Junge Pflegende brauchen Sichtbarkeit

Rund 480.000 Kinder und Jugendliche in Deutschland engagieren sich Schätzungen zufolge in der Pflege von Angehörigen. Der Pflegeexperte Stefan Block fordert daher ein verpflichtendes Schulfach zur Sorge und Selbstsorge. Das Ziel: die „Young Carer“ sichtbar machen und frühzeitig Unterstützung anbieten.

Parallel investieren Kommunen in die Infrastruktur. Die Stadt Mannheim erhält für Projekte zum Wohnen mit Versorgungssicherheit Fördermittel in Höhe von rund 4,04 Millionen Euro aus dem Landesprogramm „OrtsNahePflege BW“. Die bis 2029 angelegten Vorhaben kombinieren Pflegewohnungen, digitale Unterstützung und Rufbereitschaft – für ein selbstbestimmtes Leben im Quartier.

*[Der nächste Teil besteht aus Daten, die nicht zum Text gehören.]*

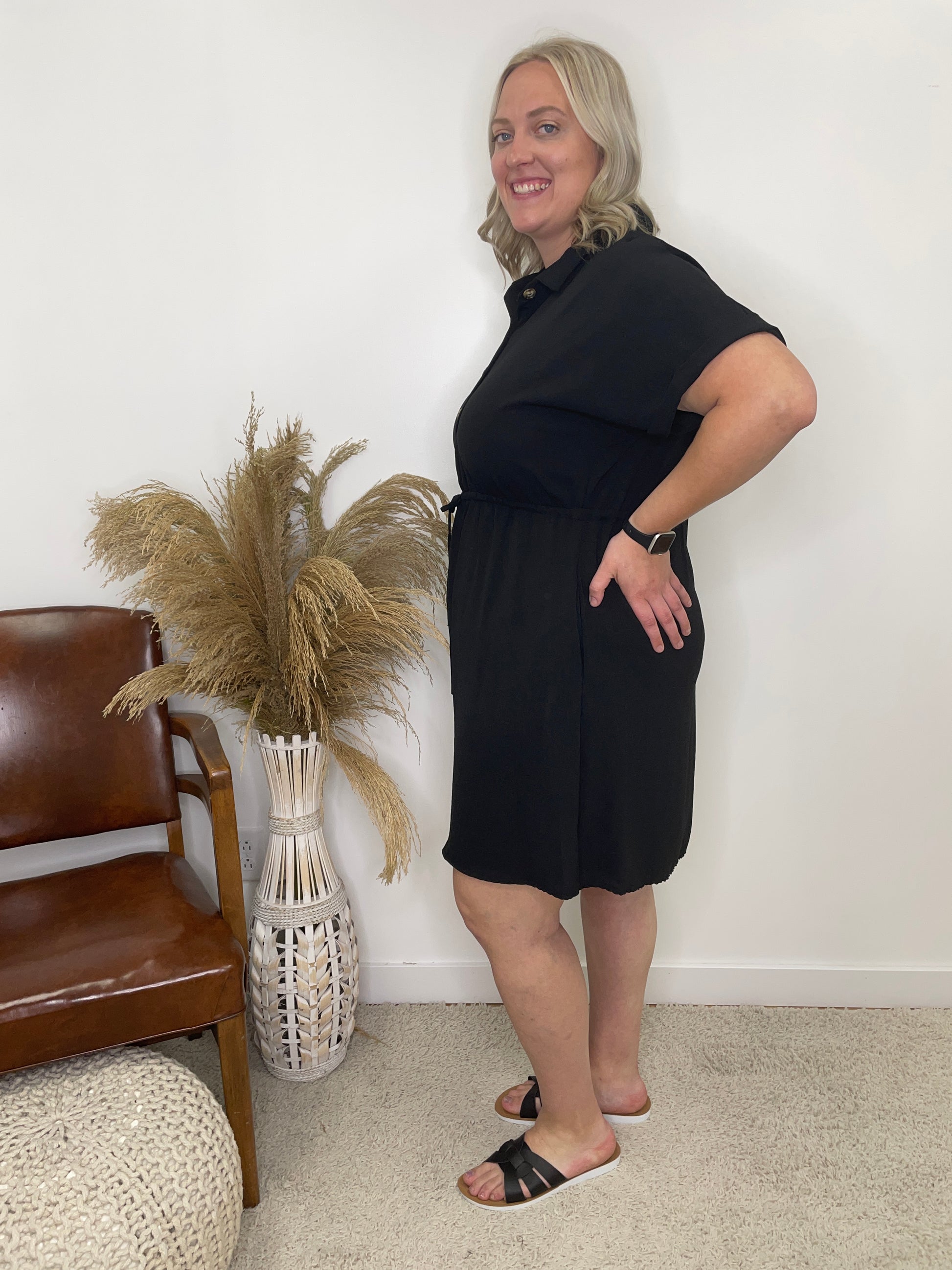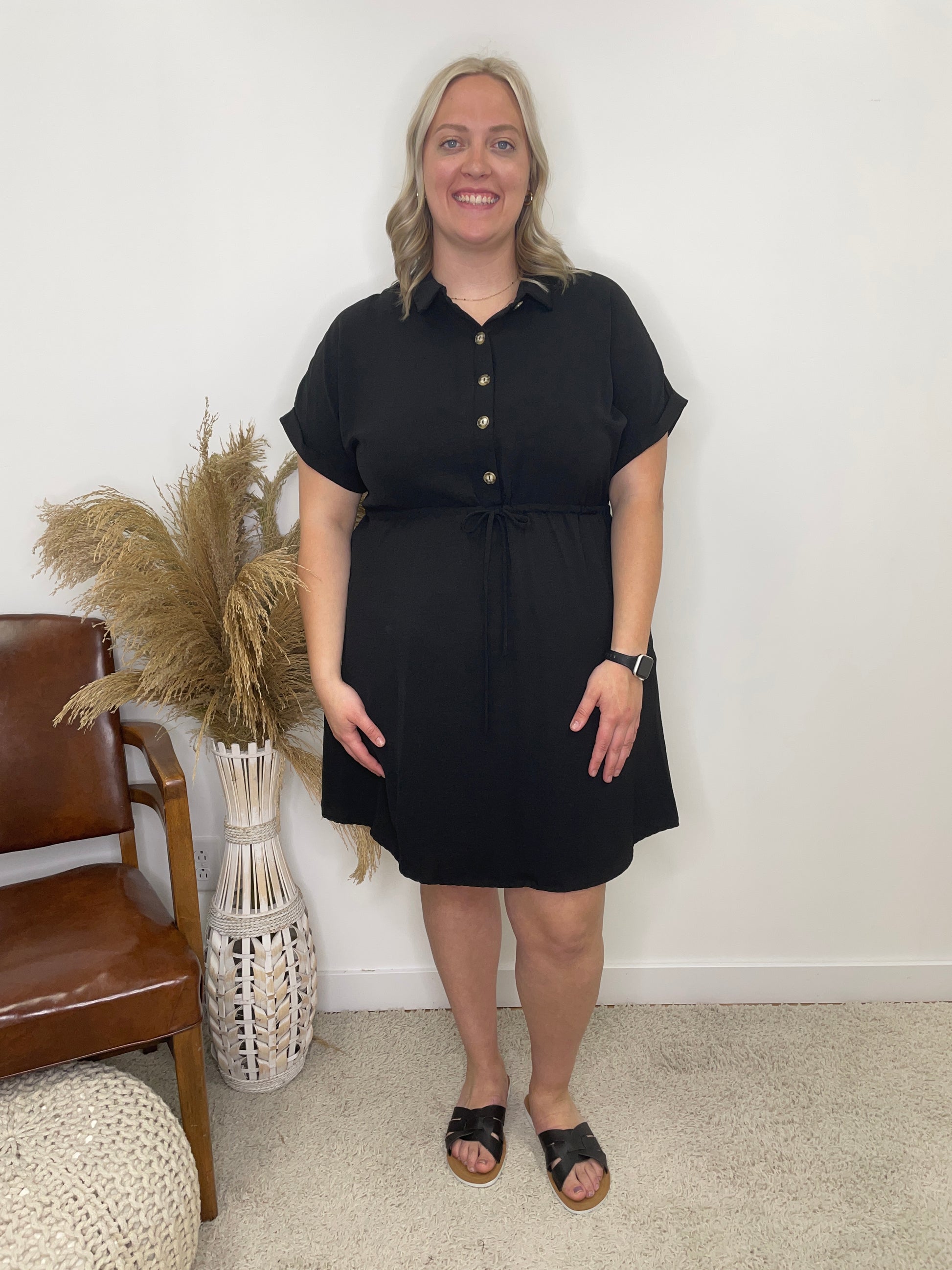 This Curvy Beautiful Black Lightweight Mid Length Dress Features A Functional Button Up Detail and a Draw String Cinch Waist Option. This Dress is Comfortable and Easy to Move In
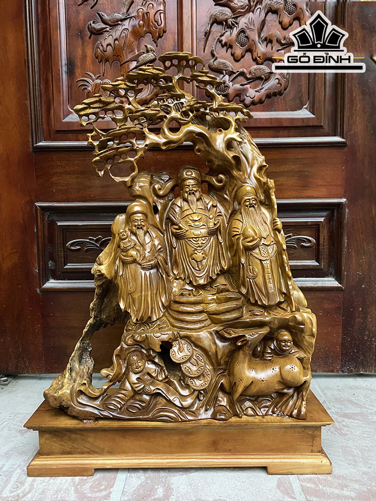 Tượng Phúc Lộc Thọ (Tam Đa) Gỗ Xá Xị Cao 70 Ngang 50 Sâu 14 (cm)
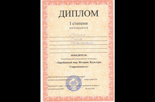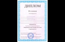 Награждается Галиуллина Камилла, Победитель Республиканской межпредметной Олимпиады награждается «Зарубежный мир:История. Культурв. Современность». (Диплом III cтепени Института Международных Отношений).
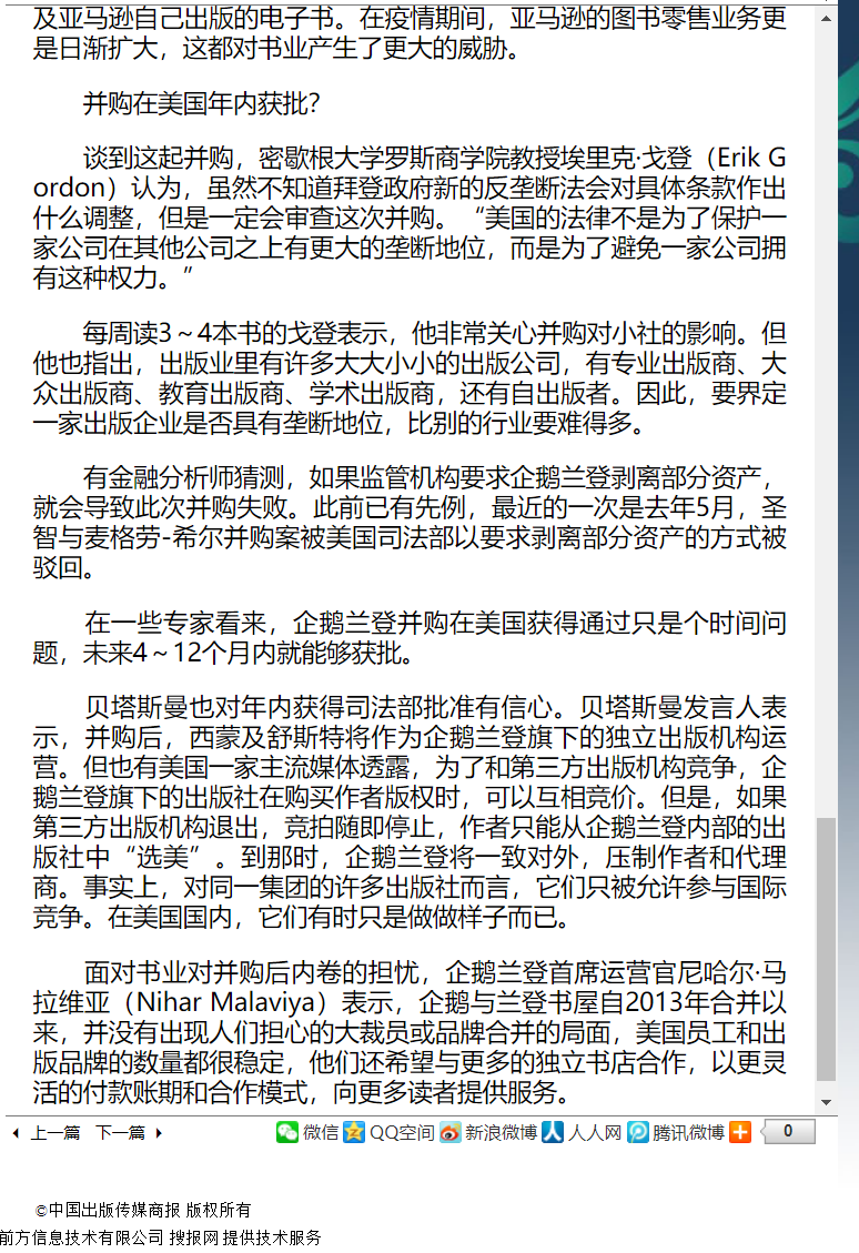 企鹅兰登与西蒙及舒斯特并购案年内能否拿到美国通行证?
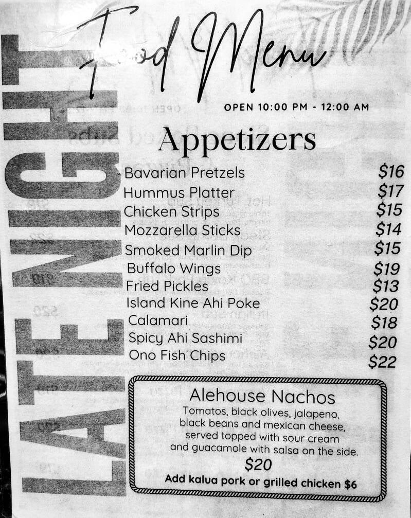 Late Night Menu 10pm-12am
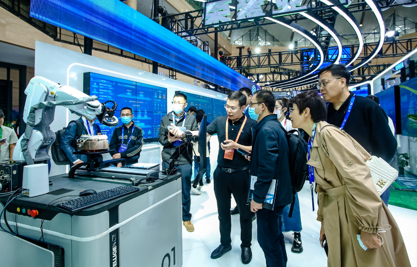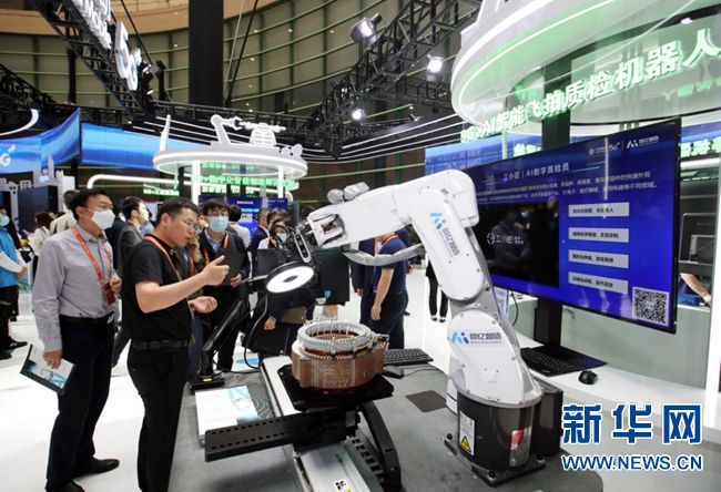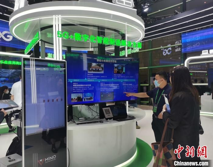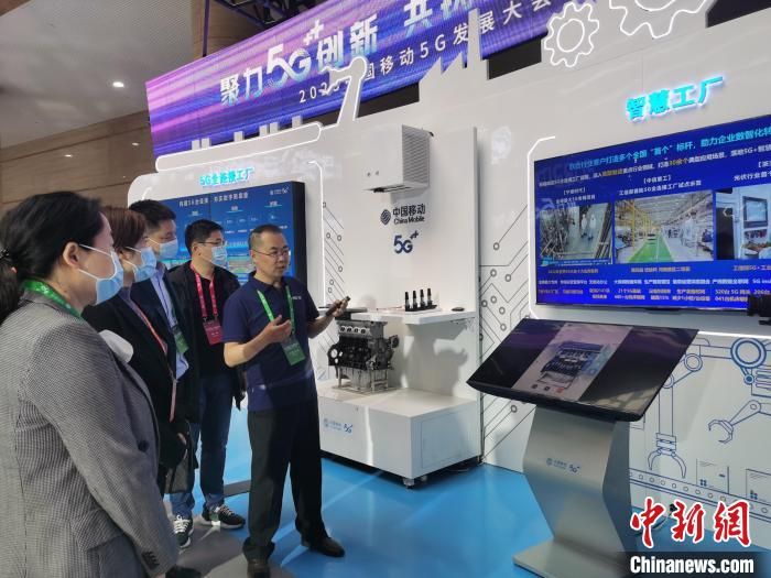 依托5G、人工智能、边缘计算等新一代信息技术,中国移动联合行业客户、合作伙伴在矿山、纺织、装备、采矿、电力、钢铁等领域打造多个行业标杆,让传统工业焕发出数字新生机。图为工作人员讲解“5G智慧工厂”。(图片来源:中新网)
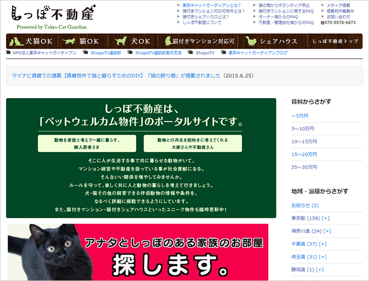 そんな「猫付きマンション」物件をたくさん紹介しているのが、「東京キャットガーディアン」が運営しているWebサイト「しっぽ不動産」。

Neue Hoffnung aus der Medizin

Flankiert werden die sozialen Maßnahmen durch Fortschritte in der medikamentösen Therapie. Eine im Juli 2026 veröffentlichte Analyse von US-Daten mit über 2.700 Patienten deutet darauf hin: Amyloid-Antikörper können die kognitiven Fähigkeiten bei Alzheimer-Patienten über ein Jahr stabilisieren. Bestimmte Nebenwirkungen traten seltener auf als in den ursprünglichen Zulassungsstudien. Das eröffnet neue Perspektiven für die langfristige Versorgung.